**What this task involves**
Below are records with pictures. Transcribe exactly, and only, the lines from the line with "Et par ovale" to the line with "主卧空间以莫兰迪灰搭配夜空蓝", both ends included, but not the pictures.
[Source material]
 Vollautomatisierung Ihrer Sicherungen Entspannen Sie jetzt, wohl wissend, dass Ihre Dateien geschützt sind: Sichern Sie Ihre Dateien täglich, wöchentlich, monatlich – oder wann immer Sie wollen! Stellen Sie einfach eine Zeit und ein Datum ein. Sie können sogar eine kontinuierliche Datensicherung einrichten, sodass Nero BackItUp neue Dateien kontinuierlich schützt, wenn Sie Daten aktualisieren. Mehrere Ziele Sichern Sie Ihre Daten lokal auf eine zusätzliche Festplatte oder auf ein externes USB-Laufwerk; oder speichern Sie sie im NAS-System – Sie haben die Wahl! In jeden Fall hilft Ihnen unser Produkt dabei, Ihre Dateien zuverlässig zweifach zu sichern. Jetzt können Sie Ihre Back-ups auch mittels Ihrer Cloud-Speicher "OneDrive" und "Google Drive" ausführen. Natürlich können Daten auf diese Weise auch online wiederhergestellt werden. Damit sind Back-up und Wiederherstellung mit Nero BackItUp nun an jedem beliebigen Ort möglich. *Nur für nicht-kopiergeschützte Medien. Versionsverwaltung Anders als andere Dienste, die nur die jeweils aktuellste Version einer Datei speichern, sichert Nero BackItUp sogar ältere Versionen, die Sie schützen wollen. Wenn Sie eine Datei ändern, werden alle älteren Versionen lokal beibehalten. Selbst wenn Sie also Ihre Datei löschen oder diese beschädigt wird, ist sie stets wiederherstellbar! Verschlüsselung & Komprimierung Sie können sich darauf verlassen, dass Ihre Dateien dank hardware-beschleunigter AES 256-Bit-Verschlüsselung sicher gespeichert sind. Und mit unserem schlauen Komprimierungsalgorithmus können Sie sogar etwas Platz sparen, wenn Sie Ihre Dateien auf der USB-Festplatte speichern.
[/Source material]
[Source material]
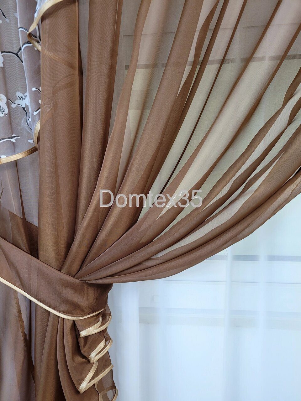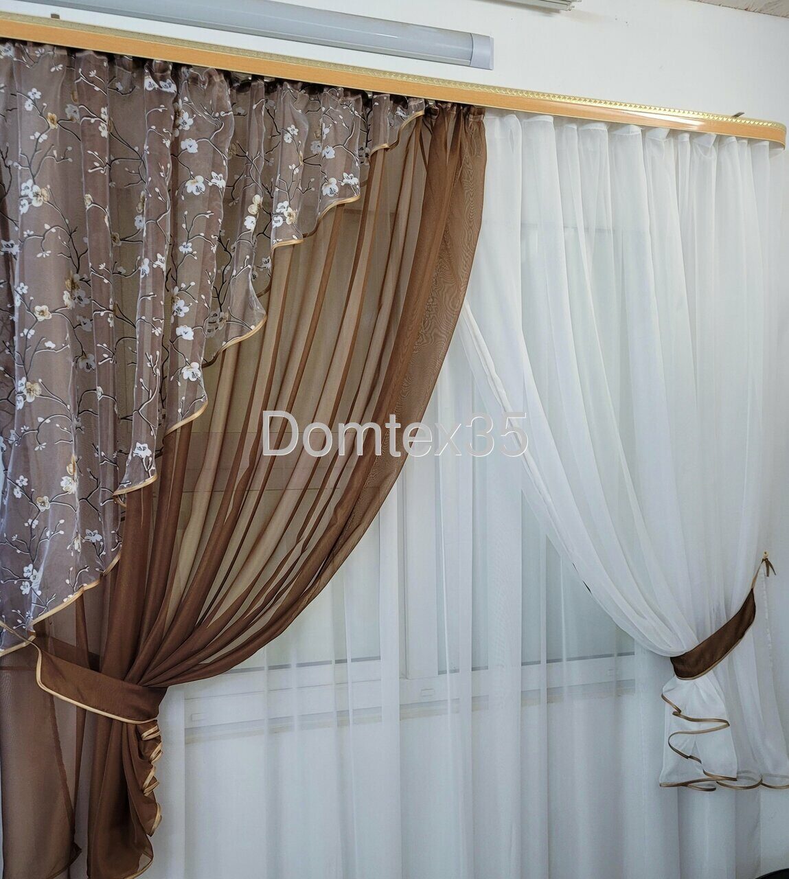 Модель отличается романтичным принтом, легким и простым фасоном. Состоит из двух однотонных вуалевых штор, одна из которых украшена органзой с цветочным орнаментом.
[/Source material]
[Source material]
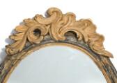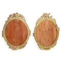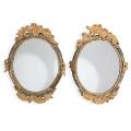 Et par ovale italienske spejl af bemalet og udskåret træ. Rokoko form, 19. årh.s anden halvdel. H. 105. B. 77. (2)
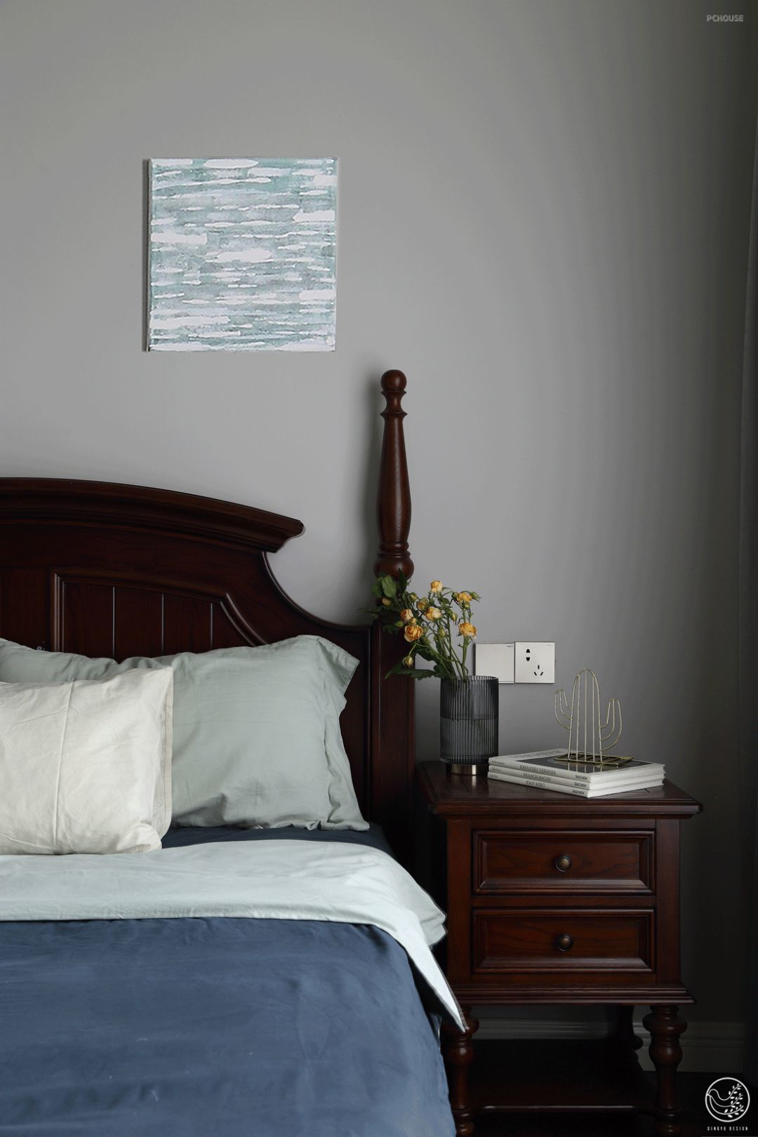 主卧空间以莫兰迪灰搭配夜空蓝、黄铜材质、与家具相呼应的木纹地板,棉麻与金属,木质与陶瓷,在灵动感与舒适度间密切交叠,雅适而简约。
[/Source material]
**Exercise answer**
 Et par ovale italienske spejl af bemalet og udskåret træ. Rokoko form, 19. årh.s anden halvdel. H. 105. B. 77. (2)
 主卧空间以莫兰迪灰搭配夜空蓝、黄铜材质、与家具相呼应的木纹地板,棉麻与金属,木质与陶瓷,在灵动感与舒适度间密切交叠,雅适而简约。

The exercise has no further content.